В монастыре, описанном в «Братьях Карамазовых», даны две основные фигуры монашествующих: светлая — Зосимы, и темная — Ферапонта. Противоположение сделано вполне закономерно, так как и тот и другой тип исторически верен. «Считаю, — писал Достоевский, — что против действительности не погрешил: не только как идеал справедливо, но и как действительность справедливо» (Там же: 102). «Сделаю дело хорошее: заставляю сознаться, что чистый, идеальный христианин — дело не отвлеченное, а образно реальное, возможное, воочию предстоящее» (Там же: 68).
В «Жизнеописании» о. Леонида прежде всего «воочию предстоит» Ферапонт романа, что для понимания Достоевского особенно важно. В книге рассказывается об одном валаамском монахе Евдокиме, который «уповал достигнуть духовного преуспеяния одними внешними подвигами… не замечал в себе ни кротости, ни любви, ни слез, ни смирения. Напротив, сухость, жестокость души, зазрение (осуждение) всех и другие, хотя и скрываемые, страсти томили старца. Он не находил себе покоя, хотя исполнял все должное… и помыслы склоняли его к самоубийству»[267] . Здесь же приведено письмо о. Леонида в связи с каким–то другим подвижником «высокого жительства». «О жизни монашеской, — пишет о. Леонид, — не всяк может здраво судить. А об В–не пусть думают, как кому угодно, и ублажают его высокое жительство, но мы к оному веры не имамы и не желаем, дабы кто следовал таковой его высоте, не приносящей плода. «От плод бо их, — сказано, — познаете их»[268] . А плод духовный есть любовь, радость, мир, долготерпение, вера, кротость, воздержание и прочее. Сожалея об нем, желаем ему прийти в познание истины»[269] . Дальше в «Жизнеописании» рассказывается, как о. Леонид вразумлял и других монахов, надеющихся на свои высокие подвиги, как снимал с них вериги и учил смирению, этой «предтече любви». Но кроме ношения вериг и иного телесного подвижничества, карамазовский Ферапонт дан Достоевским и как «духовидец», как мистически одаренный.

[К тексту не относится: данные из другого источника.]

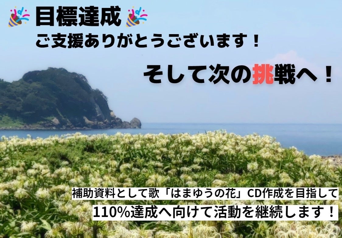 当初の目標金額は書籍編集・発行と音読CDを録音・配布するために必要最低限の金額として設定しておりました。今回の皆様のご支援を受けて、宇和島出身の歌手・声優である中川奈美さんより、「はまゆうの花」の歌の収録CDの制作のお話をいただきました。

,«— А что, великий и блаженный отче, — спрашивает его в романе захожий монашек, — правда ли… будто со Святым Духом беспрерывное общение имеете?
— Слетает. Бывает.
— Как же слетает? В каком же виде?
— Птицею…» (14: 154).
Можно было бы возмутиться и обвинить Достоевского в нехорошей выдумке, если бы в «Жизнеописании» со всей честностью христианской, оптинской мысли не был приведен рассказ о посещении о. Леонидом Софрониевой пустыни. «В то время, — читаем мы, — там жил в затворе (в саду. — С.Ф.) иеросхимонах Феодосий (Ферапонт жил за пасекой. — С.Ф.), которого многие почитали духовным мужем и прозорливцем, так как он предсказал и войну 12–го года, и некоторые другие события. Отцу Леониду его устроение (духовное) показалось сомнительным. Он спросил его, как тот узнаёт и предсказывает будущее. Затворник отвечал, что Святой Дух ему возвещает будущее; и на вопрос старца Леонида — каким образом возвещает? — объяснил, что Дух Святый является ему в виде голубя и говорит с ним человеческим голосом. Отец Леонид, видя, что это явная прелесть вражия, начал предостерегать затворника, но тот оскорбился… Отец Леонид удалился и, уезжая из обители, сказал настоятелю: «Берегите вашего святого затворника, как бы с ним чего не случилось». Едва о. Леонид доехал до Орла, как узнал там, что Феодосий удавился»[270].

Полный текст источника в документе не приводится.